Design-based Research Principles

Design-based research:

  • Involves iterative cycles of design, enactment, analysis and redesign 
  • Involves disruptive, innovative design solutions and/or interventions in practice 
  • Relies on collaboration between researchers and participants in real-world contexts 
  • Aspires to solve real-world, complex learning problems by studying learning in complex, naturalistic settings 
  • Is oriented toward sustained educational innovation 
  • Focuses on continual improvement in the process of designing and adapting an innovation for learning 
  • Studies the interactions between learners, content, criteria and context 
  • Is informed by research and aims to inform research with sharable theories and design principles 
  • Utilizes multiple methodologies and mixed methods 
  • Uses data in both summative reporting and in a formative manner to inform the next steps in instruction, design and research 

EN BREF – La création de savoirs liés aux questions et défis d’apprentissage, d’enseignement et de leadership ne peut provenir uniquement de recherches en laboratoire. De plus en plus, les éducateurs exigent que la recherche en éducation aborde l’écart entre la théorie et la pratique et génère des connaissances éclairant des problèmes complexes de pratique ou en découlant. L’article décrit comment la recherche-design – un ensemble de principes et d’approches méthodologiques destiné àétudier les interventions dans des cadres réels complexes – comble l’écart entre la théorie et la pratique.

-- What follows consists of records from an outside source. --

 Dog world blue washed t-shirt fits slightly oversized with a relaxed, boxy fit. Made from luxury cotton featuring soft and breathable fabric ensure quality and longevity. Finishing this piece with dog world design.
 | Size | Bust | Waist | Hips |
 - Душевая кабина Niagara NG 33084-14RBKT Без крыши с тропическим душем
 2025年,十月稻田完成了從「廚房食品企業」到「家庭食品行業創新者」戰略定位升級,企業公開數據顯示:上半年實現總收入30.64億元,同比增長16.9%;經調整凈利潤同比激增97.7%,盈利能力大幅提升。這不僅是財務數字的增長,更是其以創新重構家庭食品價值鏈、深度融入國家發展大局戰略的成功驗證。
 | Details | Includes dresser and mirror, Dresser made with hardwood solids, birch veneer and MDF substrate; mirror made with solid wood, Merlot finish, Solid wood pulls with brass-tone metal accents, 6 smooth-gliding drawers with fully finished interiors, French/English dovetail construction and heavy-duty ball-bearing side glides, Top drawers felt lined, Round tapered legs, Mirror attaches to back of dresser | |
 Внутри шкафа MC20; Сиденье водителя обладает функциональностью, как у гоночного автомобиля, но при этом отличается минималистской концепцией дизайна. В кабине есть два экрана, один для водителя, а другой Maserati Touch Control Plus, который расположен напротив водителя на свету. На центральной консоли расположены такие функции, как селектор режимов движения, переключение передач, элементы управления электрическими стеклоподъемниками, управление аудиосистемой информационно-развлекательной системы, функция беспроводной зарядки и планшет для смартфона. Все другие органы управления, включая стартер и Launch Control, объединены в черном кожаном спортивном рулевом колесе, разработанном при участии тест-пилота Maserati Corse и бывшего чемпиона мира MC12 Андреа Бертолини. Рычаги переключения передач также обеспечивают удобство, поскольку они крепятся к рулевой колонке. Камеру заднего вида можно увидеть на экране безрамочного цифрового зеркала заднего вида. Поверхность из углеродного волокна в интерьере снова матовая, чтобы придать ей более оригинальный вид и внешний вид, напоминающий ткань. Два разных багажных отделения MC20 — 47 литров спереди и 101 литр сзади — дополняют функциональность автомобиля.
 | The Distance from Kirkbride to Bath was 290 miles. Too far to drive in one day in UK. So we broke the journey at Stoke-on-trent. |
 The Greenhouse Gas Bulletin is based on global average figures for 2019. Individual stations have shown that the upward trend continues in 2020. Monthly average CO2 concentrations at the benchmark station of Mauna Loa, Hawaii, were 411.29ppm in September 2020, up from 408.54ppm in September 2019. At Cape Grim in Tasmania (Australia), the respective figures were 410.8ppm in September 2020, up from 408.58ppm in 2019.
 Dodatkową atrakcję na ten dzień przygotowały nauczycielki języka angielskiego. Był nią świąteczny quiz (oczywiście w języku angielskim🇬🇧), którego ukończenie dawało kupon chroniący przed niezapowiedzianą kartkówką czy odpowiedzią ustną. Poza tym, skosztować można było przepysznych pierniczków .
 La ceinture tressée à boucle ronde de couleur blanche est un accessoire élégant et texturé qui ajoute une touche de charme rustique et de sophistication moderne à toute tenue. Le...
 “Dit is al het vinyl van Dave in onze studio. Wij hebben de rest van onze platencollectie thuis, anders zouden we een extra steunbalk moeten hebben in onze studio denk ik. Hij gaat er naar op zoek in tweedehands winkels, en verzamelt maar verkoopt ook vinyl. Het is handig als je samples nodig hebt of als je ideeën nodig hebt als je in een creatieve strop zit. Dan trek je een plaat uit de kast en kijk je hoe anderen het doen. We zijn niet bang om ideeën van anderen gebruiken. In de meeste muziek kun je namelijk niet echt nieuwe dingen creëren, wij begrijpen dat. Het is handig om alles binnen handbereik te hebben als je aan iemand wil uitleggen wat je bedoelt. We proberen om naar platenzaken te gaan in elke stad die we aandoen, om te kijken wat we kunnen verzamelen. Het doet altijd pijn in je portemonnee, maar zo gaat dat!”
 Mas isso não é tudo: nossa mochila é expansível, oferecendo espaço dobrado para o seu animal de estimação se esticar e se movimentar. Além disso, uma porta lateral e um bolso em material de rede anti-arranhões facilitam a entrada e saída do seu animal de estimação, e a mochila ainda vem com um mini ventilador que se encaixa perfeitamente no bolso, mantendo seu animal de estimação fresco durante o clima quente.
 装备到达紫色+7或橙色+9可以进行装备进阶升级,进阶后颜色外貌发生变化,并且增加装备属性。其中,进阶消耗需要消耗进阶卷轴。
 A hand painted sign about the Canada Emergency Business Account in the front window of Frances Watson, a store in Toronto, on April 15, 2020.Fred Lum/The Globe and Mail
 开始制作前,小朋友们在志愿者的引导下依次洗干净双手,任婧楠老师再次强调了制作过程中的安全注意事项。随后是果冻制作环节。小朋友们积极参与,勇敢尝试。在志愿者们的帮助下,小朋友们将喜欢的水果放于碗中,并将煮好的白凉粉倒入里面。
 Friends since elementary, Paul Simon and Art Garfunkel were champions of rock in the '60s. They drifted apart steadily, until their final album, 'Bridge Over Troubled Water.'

Photo: Courtesy Kawartha Pine Ridge District School Board

First published in Education Canada, November 2014 


1 While basic and applied research approaches are both important in education, each has a different purpose. The goal of basic research is to develop generalized knowledge and theory, often using experimental or correlational designs in controlled or “laboratory” settings. Applied research focuses on pragmatic needs and issues in education and is carried out in authentic “field” settings and contexts, often using mixed methods and qualitative designs.

2 C. Bereiter, “Design Research for Sustained Innovation,” Cognitive Studies, Bulletin of the Japanese Cognitive Science Society 9, no. 3 (2002): 321-327. http://ikit.org/fulltext/2002Design_Research.pdf

3 A. L. Brown, “Design Experiments: Theoretical and methodological challenges in creating complex interventions in classroom settings,” The Journal of the Learning Sciences 2, no. 2 (1992): 141-178.

4 S. Barab, A. Arici and C. Jackson, “Eat Your Vegetables and Do Your Homework: A design-based investigation of enjoyment and meaning in learning,” Educational Technology 45, no. 1 (2005):15-21. http://sashabarab.com/publications.html

5 S. A. Barab and K. Squire, “Design-based Research: Putting a stake in the ground,” The Journal of the Learning Sciences 13, no. 1 (2004): 1–14.

6 S. McKenney and T. C. Reeves, Conducting Educational Design Research (New York, NY: Routledge, 2012).

Meet the Expert(s)

Michele Jacobsen

Dr. Michele Jacobsen

Professor, Werklund School of Education | Teaching Scholar, University of Calgary

Dr. Michele Jacobsen is a Professor in the Learning Sciences in the Werklund School of Education. Michele uses design-based and action research approaches to study blended, online and technology-enabled learning in K-12 school and campus classrooms and to evaluate the use of participatory pedagogies to sponsor knowledge building, intellectual engagement and authentic assessments.